* [DIRECTIONS]:
What must be handed in is the entire listing, exactly as written, with no pictures.

* [RAW DATA]:
- Opening Delimiter -

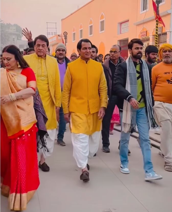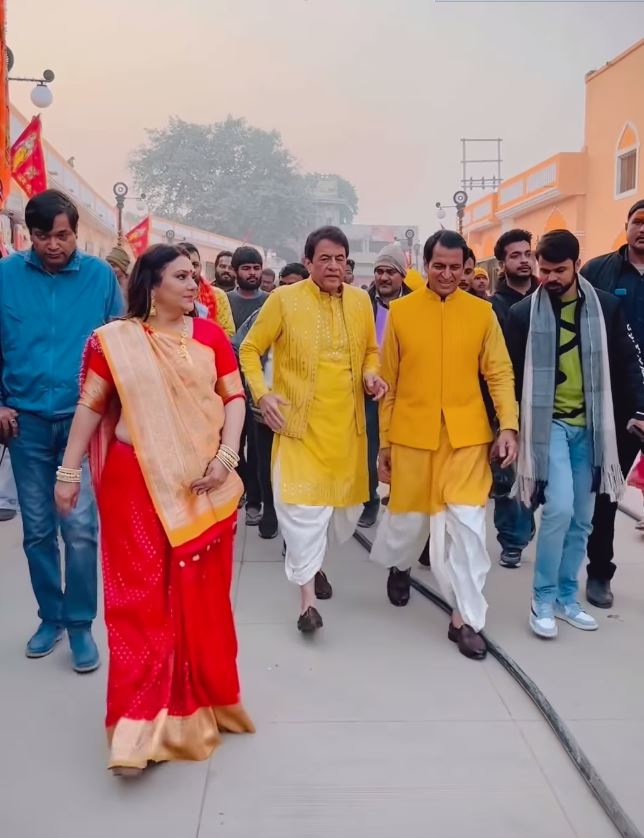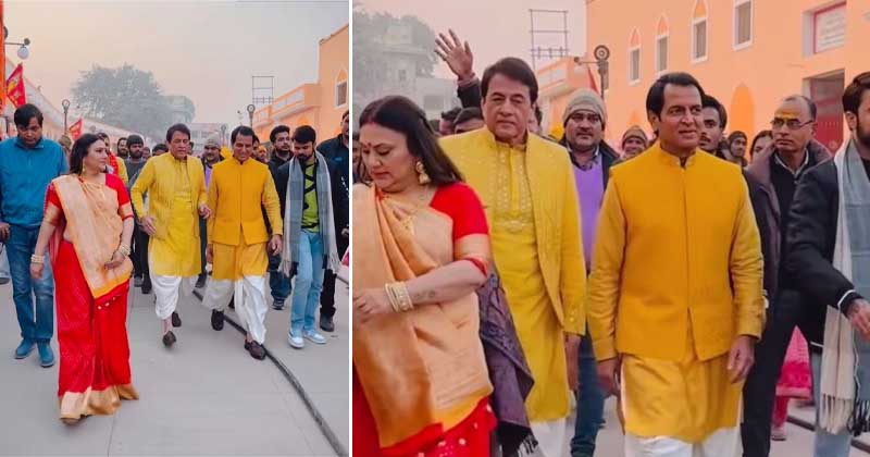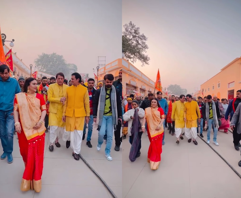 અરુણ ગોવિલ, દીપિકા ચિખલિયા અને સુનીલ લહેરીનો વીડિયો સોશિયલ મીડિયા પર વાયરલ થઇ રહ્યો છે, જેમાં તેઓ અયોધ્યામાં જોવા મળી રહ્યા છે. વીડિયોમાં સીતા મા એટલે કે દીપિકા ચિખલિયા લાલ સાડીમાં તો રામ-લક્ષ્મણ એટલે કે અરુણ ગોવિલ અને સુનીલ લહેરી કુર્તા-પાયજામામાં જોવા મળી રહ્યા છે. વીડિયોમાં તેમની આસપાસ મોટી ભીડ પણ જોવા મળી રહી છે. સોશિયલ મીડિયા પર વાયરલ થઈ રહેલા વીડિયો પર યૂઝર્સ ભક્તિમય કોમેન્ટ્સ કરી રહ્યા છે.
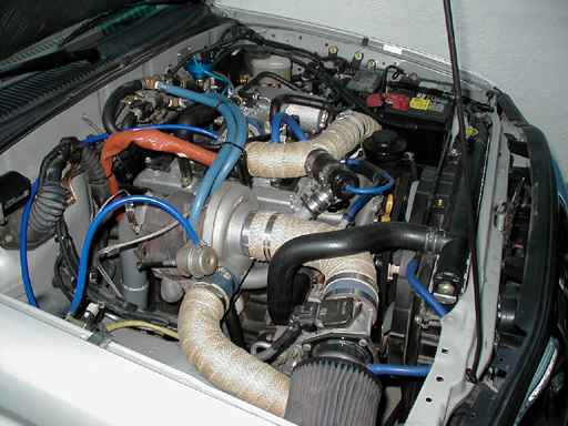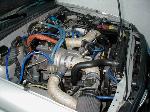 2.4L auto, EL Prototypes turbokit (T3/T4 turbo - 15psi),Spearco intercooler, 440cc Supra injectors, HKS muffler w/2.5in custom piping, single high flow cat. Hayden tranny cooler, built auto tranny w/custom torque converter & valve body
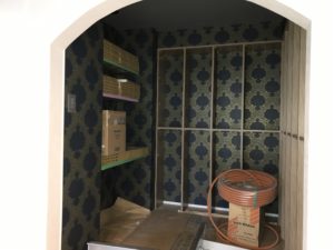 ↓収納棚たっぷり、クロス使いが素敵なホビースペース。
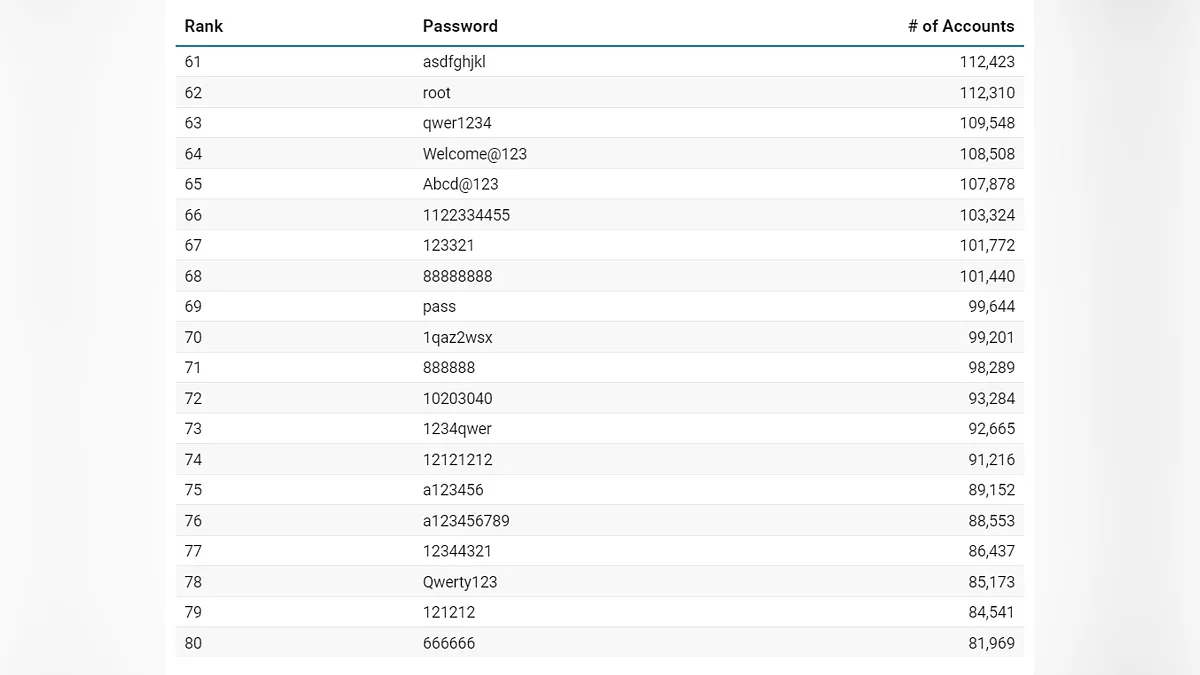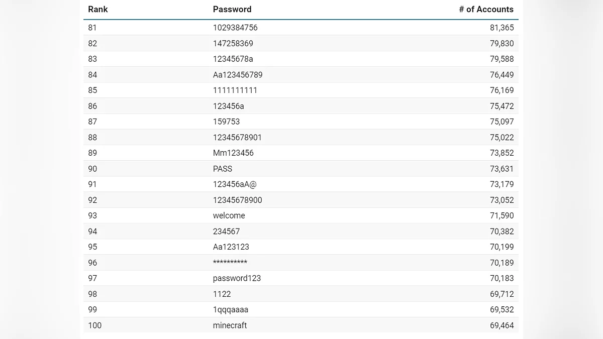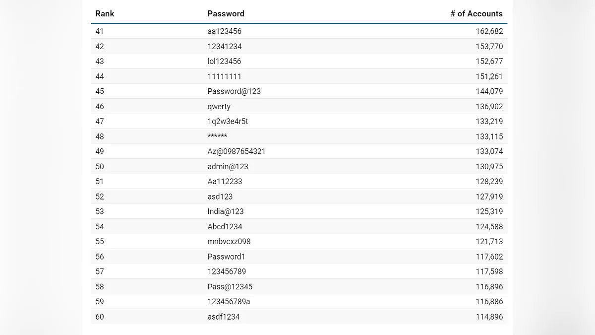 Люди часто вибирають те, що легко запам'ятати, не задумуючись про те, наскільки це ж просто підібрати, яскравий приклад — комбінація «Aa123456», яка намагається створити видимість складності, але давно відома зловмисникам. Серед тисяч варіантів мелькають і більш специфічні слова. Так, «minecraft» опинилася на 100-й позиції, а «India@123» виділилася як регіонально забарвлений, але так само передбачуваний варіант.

- Closing Delimiter -

* [OUTPUT BELOW]:
 અરુણ ગોવિલ, દીપિકા ચિખલિયા અને સુનીલ લહેરીનો વીડિયો સોશિયલ મીડિયા પર વાયરલ થઇ રહ્યો છે, જેમાં તેઓ અયોધ્યામાં જોવા મળી રહ્યા છે. વીડિયોમાં સીતા મા એટલે કે દીપિકા ચિખલિયા લાલ સાડીમાં તો રામ-લક્ષ્મણ એટલે કે અરુણ ગોવિલ અને સુનીલ લહેરી કુર્તા-પાયજામામાં જોવા મળી રહ્યા છે. વીડિયોમાં તેમની આસપાસ મોટી ભીડ પણ જોવા મળી રહી છે. સોશિયલ મીડિયા પર વાયરલ થઈ રહેલા વીડિયો પર યૂઝર્સ ભક્તિમય કોમેન્ટ્સ કરી રહ્યા છે.
 2.4L auto, EL Prototypes turbokit (T3/T4 turbo - 15psi),Spearco intercooler, 440cc Supra injectors, HKS muffler w/2.5in custom piping, single high flow cat. Hayden tranny cooler, built auto tranny w/custom torque converter & valve body
 ↓収納棚たっぷり、クロス使いが素敵なホビースペース。
 Люди часто вибирають те, що легко запам'ятати, не задумуючись про те, наскільки це ж просто підібрати, яскравий приклад — комбінація «Aa123456», яка намагається створити видимість складності, але давно відома зловмисникам. Серед тисяч варіантів мелькають і більш специфічні слова. Так, «minecraft» опинилася на 100-й позиції, а «India@123» виділилася як регіонально забарвлений, але так само передбачуваний варіант.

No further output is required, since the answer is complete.